Fluffy Japanese Omurice is a delightful fusion of savory fried rice wrapped in a soft, silky omelette. This comforting dish features tender chicken, vegetables, and a touch of butter and ketchup for a rich umami flavor. Perfect for a satisfying lunch or dinner, it’s easy to prepare and customizable with your favorite proteins.


Ingredients

Scale

For the Fried Rice:

  • 1 1/2 cup warm cooked rice
  • 4 oz chicken thigh, diced into 1/2-inch cubes
  • 1/4 onion, finely chopped
  • 1/4 green bell pepper, finely chopped
  • 2 tsp butter
  • 1 tbsp vegetable oil
  • 2 tsp chicken bouillon powder
  • Salt and pepper, to taste
  • 4 tbsp ketchup

For the Omelette:

  • 4 eggs
  • 1 tbsp milk (divided for beating eggs)
  • 2 pinches salt (divided for beating eggs)
  • 2 tsp butter
  • 1/2 tbsp vegetable oil

Instructions

  1. Prepare the chicken: Dice the chicken thighs into 1/2-inch cubes and season with a pinch of salt to enhance flavor before cooking.
  2. Beat the eggs: Beat 2 eggs at a time with half of the A ingredients (milk and salt) for each serving separately, mixing until smooth to ensure individual fluffy omelettes.
  3. Cook the chicken: Heat 2 tsp butter in a pan over medium heat, add the diced chicken, and cook for about 3 minutes until fully cooked through.
  4. Sauté the vegetables: Add the finely chopped onion to the pan, cook until soft, then stir in the green bell pepper and chicken bouillon powder.
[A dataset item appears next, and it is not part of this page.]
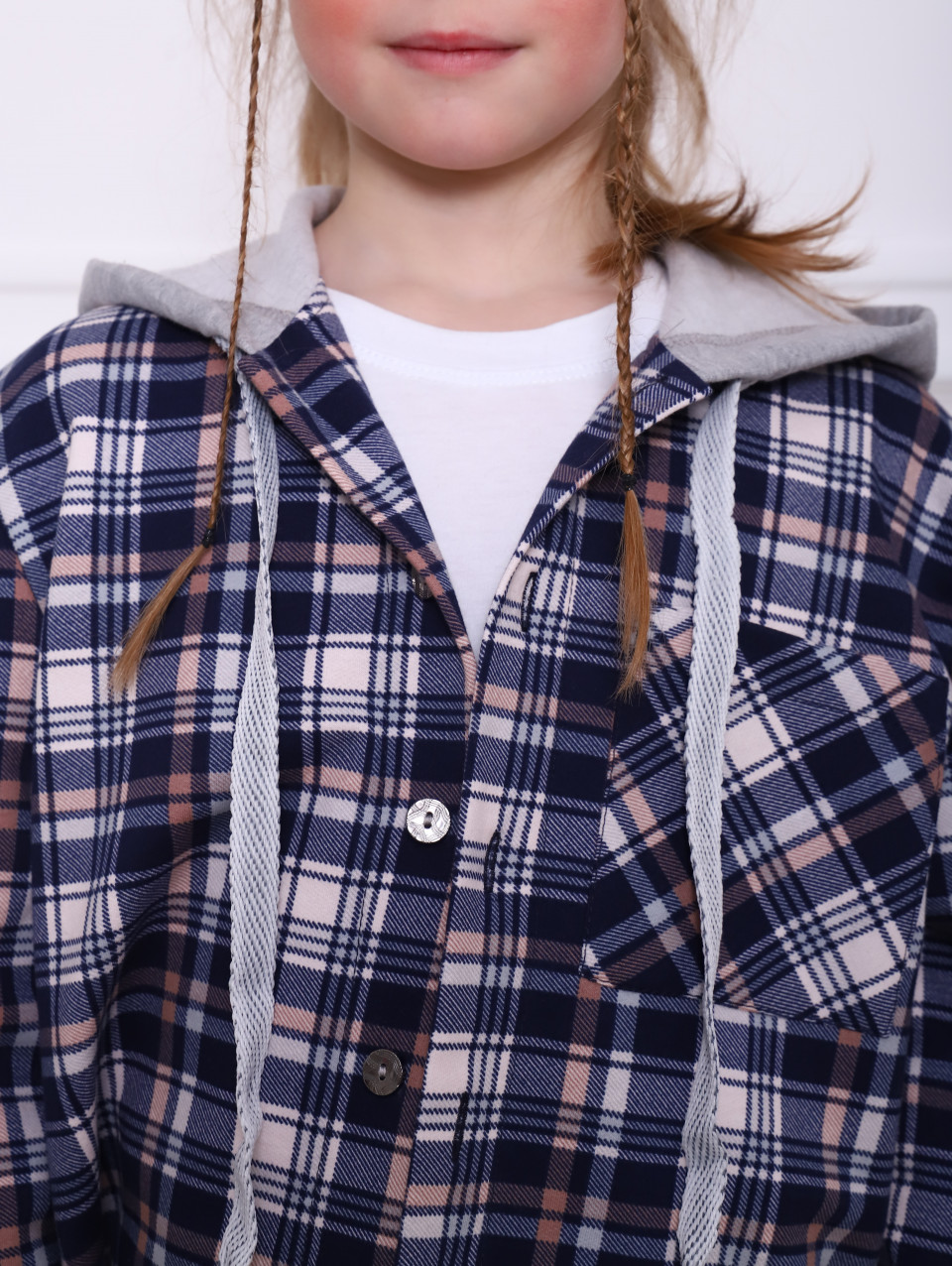 Детская рубашка с начесом. Рубашка в клетку удлиненная на пуговицах и с капюшоном на завязках. Толстовка детская утепленная с длинными спущенными рукавами на манжете, на груди накладной карман. Изготовлена из натурального гипоаллергенного 100% хлопка, материал - футер с начёсом. Кофта с пуговицами подойдет для занятий спортом, его можно использовать как одежду для дома, как домашний костюм, в школу, повседневный костюм - одежда для улицы на каждый день, костюм на дачу, как курточку в прохладную погоду. Базовая детская вещь незаменимая для детского гардероба.

Cook this mixture for 1 minute to develop flavors.
  5. Add seasoning and rice: Stir in 2 tsp butter and 4 tbsp ketchup, sautéing until the mixture becomes glossy, then incorporate the warm rice, mixing well. Season with salt and pepper to taste. Shape this fried rice into an oval mound and set aside.
  6. Clean and prepare the pan for eggs: Wipe the pan clean, heat 1/2 tbsp oil over medium heat, and pour in one serving of the beaten eggs, stirring quickly with chopsticks until the eggs are softly set but still moist.
  7. Assemble the Omurice: Place the oval mound of rice in the center of the soft egg in the pan. Fold the egg over the rice using a spatula, tilt the pan, and slide the omurice onto a plate seam side down.
  8. Shape and serve: Cover the Omurice with a paper towel while hot to help it hold its shape. Drizzle with ketchup and serve immediately for best taste and texture.

Notes

  • You can substitute chicken with sausages or bacon; reduce ketchup slightly to balance saltiness.
  • Frying ketchup until glossy gives it a milder, richer flavor enhancing the dish.
  • Chicken bouillon powder is optional but adds a nice umami boost.
  • To achieve the perfect Omurice shape, cover with a paper towel and shape the egg while still hot. When cooled, the egg firms up and is harder to shape.